What the task requires: Below is a listing. Return the lines from the one that contains "Sada květináčů z" to the one that contains "Mandala Lotus Rouge", both ends included, verbatim and with no pictures.

Records supplied:
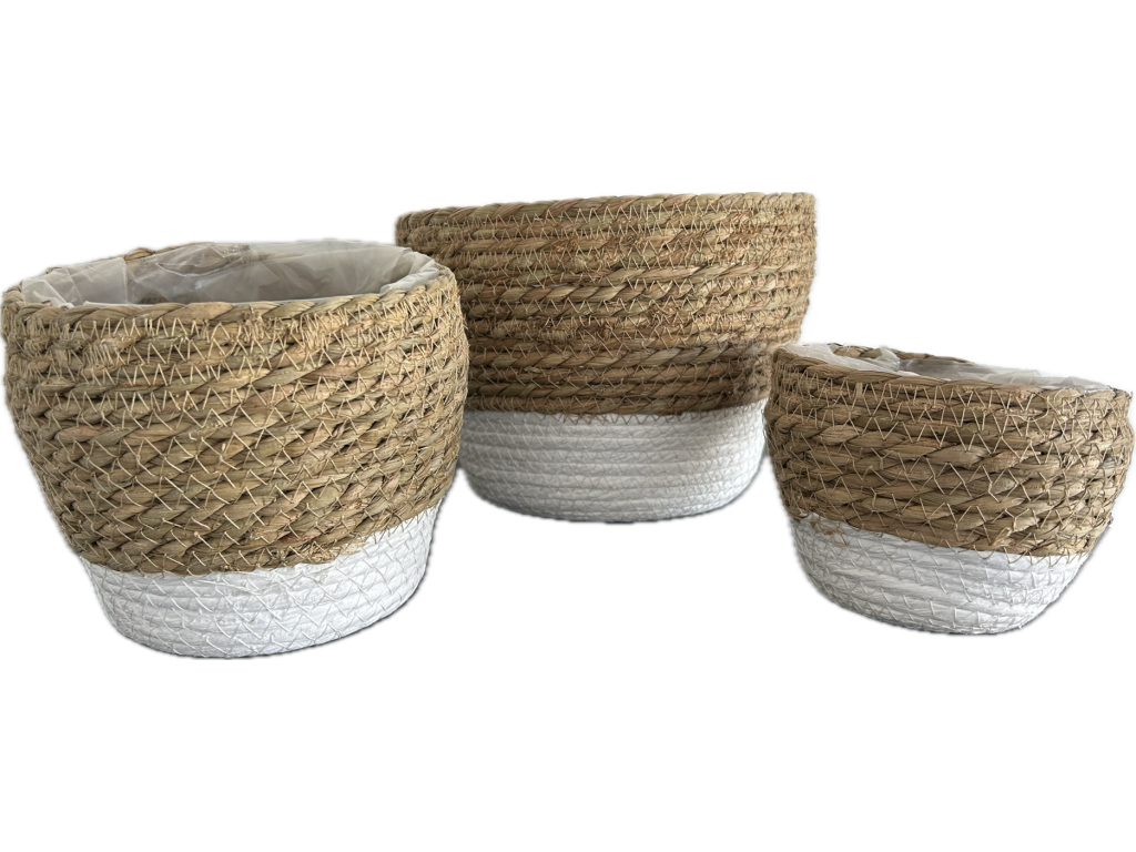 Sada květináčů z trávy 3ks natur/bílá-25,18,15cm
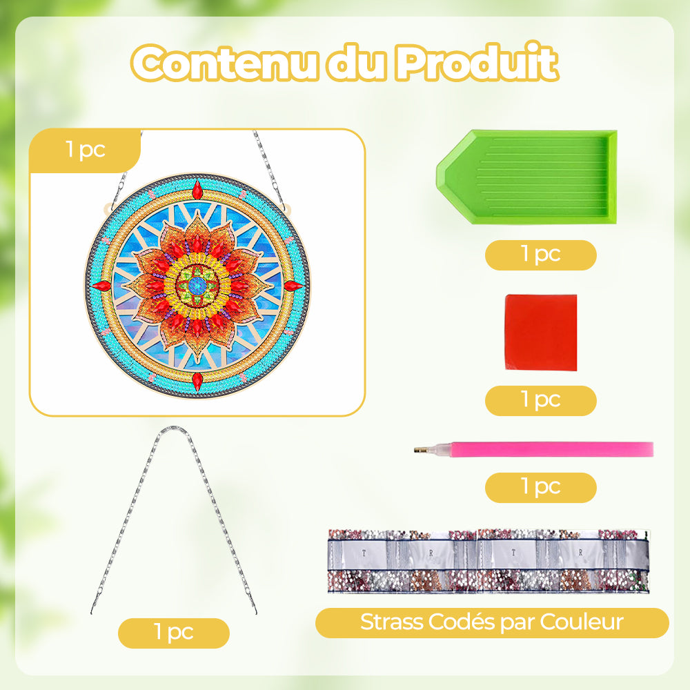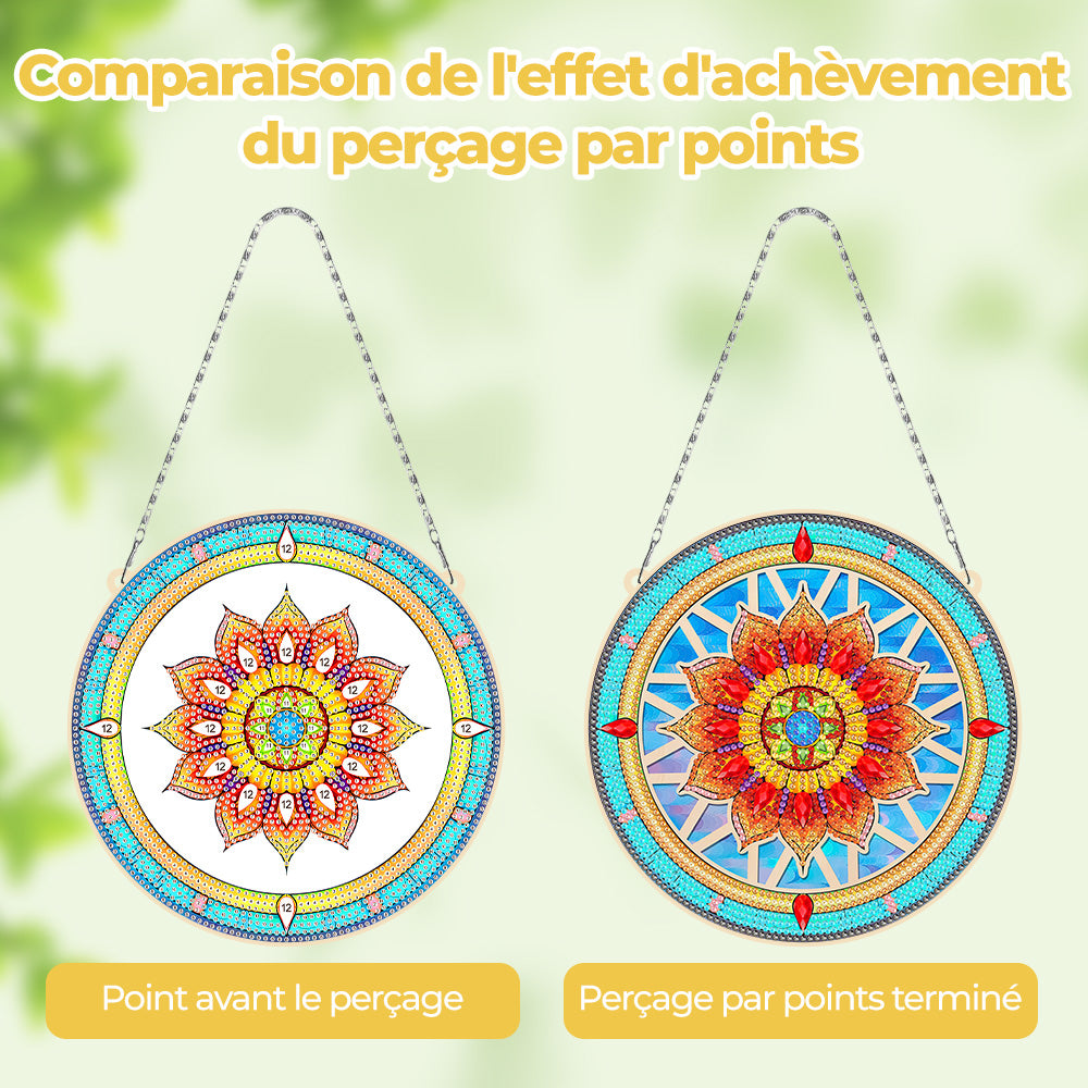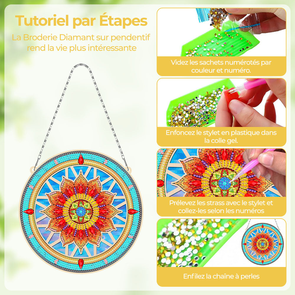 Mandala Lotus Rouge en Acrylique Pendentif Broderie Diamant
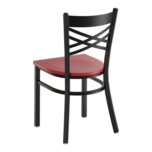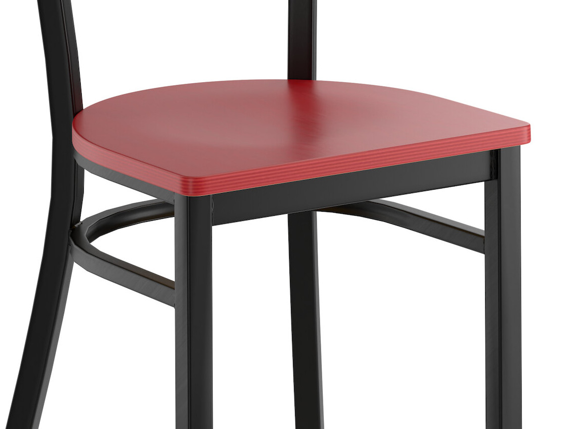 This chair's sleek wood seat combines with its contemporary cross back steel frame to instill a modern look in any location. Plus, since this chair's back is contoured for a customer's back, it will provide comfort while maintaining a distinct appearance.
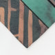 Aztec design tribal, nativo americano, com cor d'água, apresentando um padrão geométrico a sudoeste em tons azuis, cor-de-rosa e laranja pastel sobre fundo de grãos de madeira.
==
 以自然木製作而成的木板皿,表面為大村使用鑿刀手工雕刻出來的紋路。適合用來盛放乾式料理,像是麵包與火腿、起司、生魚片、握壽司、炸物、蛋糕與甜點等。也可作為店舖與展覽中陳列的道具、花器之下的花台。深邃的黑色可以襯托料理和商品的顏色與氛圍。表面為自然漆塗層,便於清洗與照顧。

Solved exercise:
 Sada květináčů z trávy 3ks natur/bílá-25,18,15cm
 Mandala Lotus Rouge en Acrylique Pendentif Broderie Diamant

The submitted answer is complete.